Bahadir Sarli*, Eyup Ozkan, Melih Demirbas and Ahmet O Baktir
Kayseri Education and Research Hospital, Department of Cardiology, Kayseri, Turkey
Received: 25 August, 2015; Accepted: 10 October, 2015; Published: 12 October, 2015
Assoc. Prof. Bahadir Sarli, MD, Kayseri Education and Research Hospital, Department of Cardiology, 3810, Kayseri, Turkey, Tel: +90 535 3040445; Fax: +90 352 3207313; E-mail:
Sarli B, Ozkan E, Demirbas M, Baktir AO (2015) Multiple Giant Coronary Arterial Aneurysms Leading to Stable Angina J Cardiovasc Med Cardiol 2(2): 020. DOI: 10.17352/2455-2976.000017
© 2015 Sarli B, et al. This is an open-access article distributed under the terms of the Creative Commons Attribution License, which permits unrestricted use, distribution, and reproduction in any medium, provided the original author and source are credited.

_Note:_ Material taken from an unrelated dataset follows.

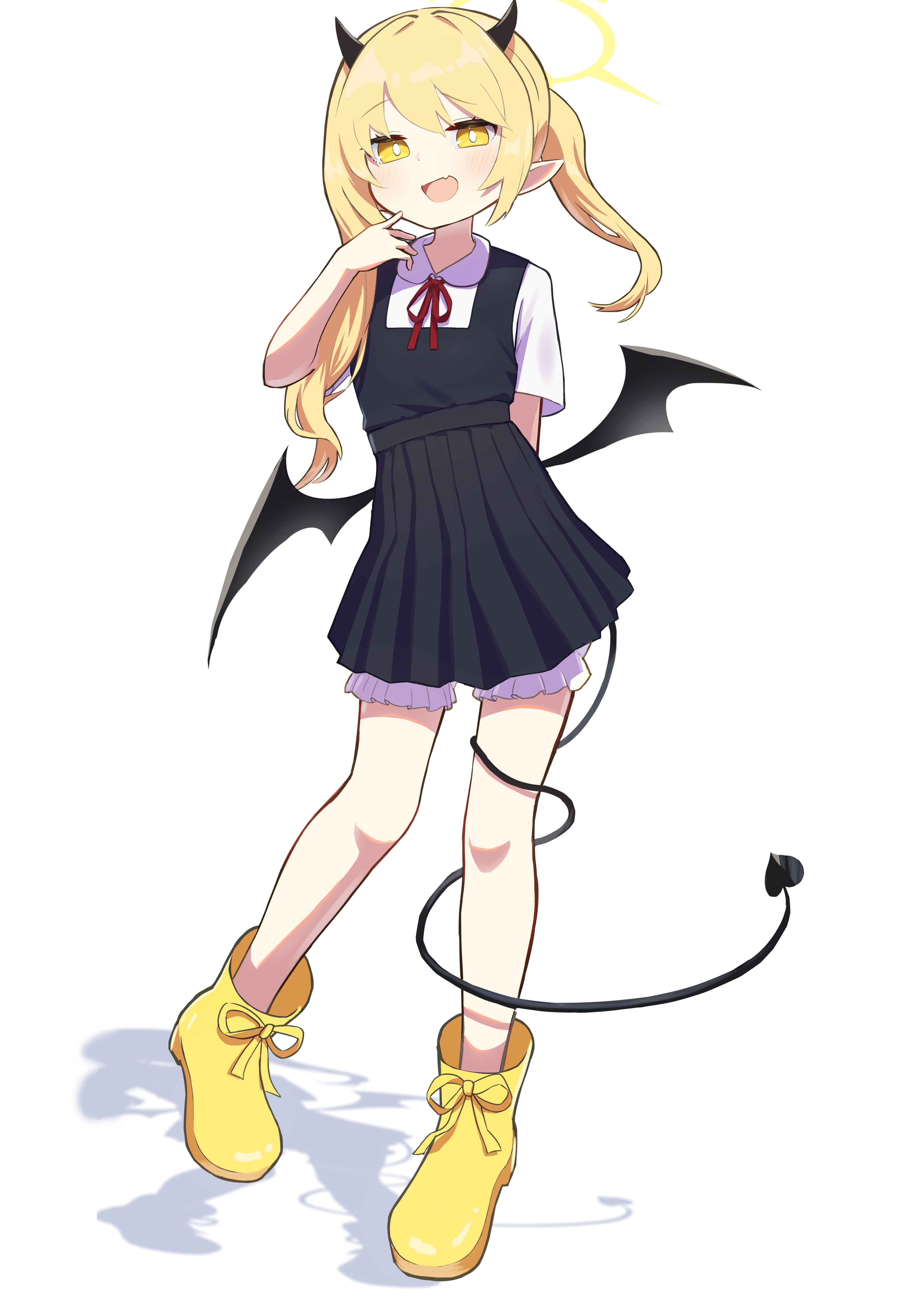 1girl :d absurdres arm_behind_back asymmetrical_hair black_dress black_horns black_wings blonde_hair bloomers blue_archive blush boots bright_pupils collared_shirt commentary demon_girl demon_tail demon_wings dress fang finger_to_cheek full_body halo hand_up highres horns ibuki_(blue_archive) kubo-den long_hair looking_at_viewer low_wings neck_ribbon open_mouth pigeon-toed pinafore_dress pointy_ears red_ribbon ribbon rubber_boots shadow shirt short_sleeves side_ponytail simple_background single_sidelock skin_fang sleeveless sleeveless_dress smile solo standing tail tail_around_own_leg underwear white_background white_bloomers white_pupils white_shirt wings yellow_boots yellow_eyes yellow_halo

Coronary artery aneurysm (CAA) is defined as abnormal dilatation of a coronary artery luminal diameter to 1.5 to 2 times wider than the adjacent normal segment. Giant coronary artery aneurysms are rare, with a reported prevalence of 0.02% to 0.2% . Most of the giant coronary artery aneurysms are asymptomatic, but some patients present with angina pectoris, sudden death, fistula formation, pericardial tamponade, compression of surrounding structures, or congestive heart failure.
A 61-year-old man referred to our outpatient clinic with stable angina pectoris lasting approximately 3 months, rising with exercise and relaxing with resting. He had no cardiovascular risk factor except smoking a pack/ day for 10 years. ECG revealed right bundle branch block and no signs of acute ischemia. Transthoracic echocardiography showed normal LV wall motion and a normal ascending aorta in diameter. Optimal medical treatment (OMT) for stable angina pectoris including acetyl salicylic acid, metoprolol and rosuvastatin was initiated immediately. However, angina continued despite a short course of OMT. Then coronary angiography was planned to identify options for revascularization. Coronary angiography revealed giant coronary aneurysms on the proximal left anterior descending artery (20 X 18 mm) and circumflex artery (16 X 20 mm) and accompanying atherosclerotic stenosis adjacent to the aneurysms (Figure 1). Hs-CRP was measured 4.5 mg/L. Antinuclear antibody, anti-ds-DNA level, and p-ANCA and c-ANCA levels were in normal range. Because our patient had multivessel CAD and SYNTAX score was 30, heart team considered CABG was more beneficial for this patient and accordingly he was transferred to cardiovascular surgery (CVS) department for CABG.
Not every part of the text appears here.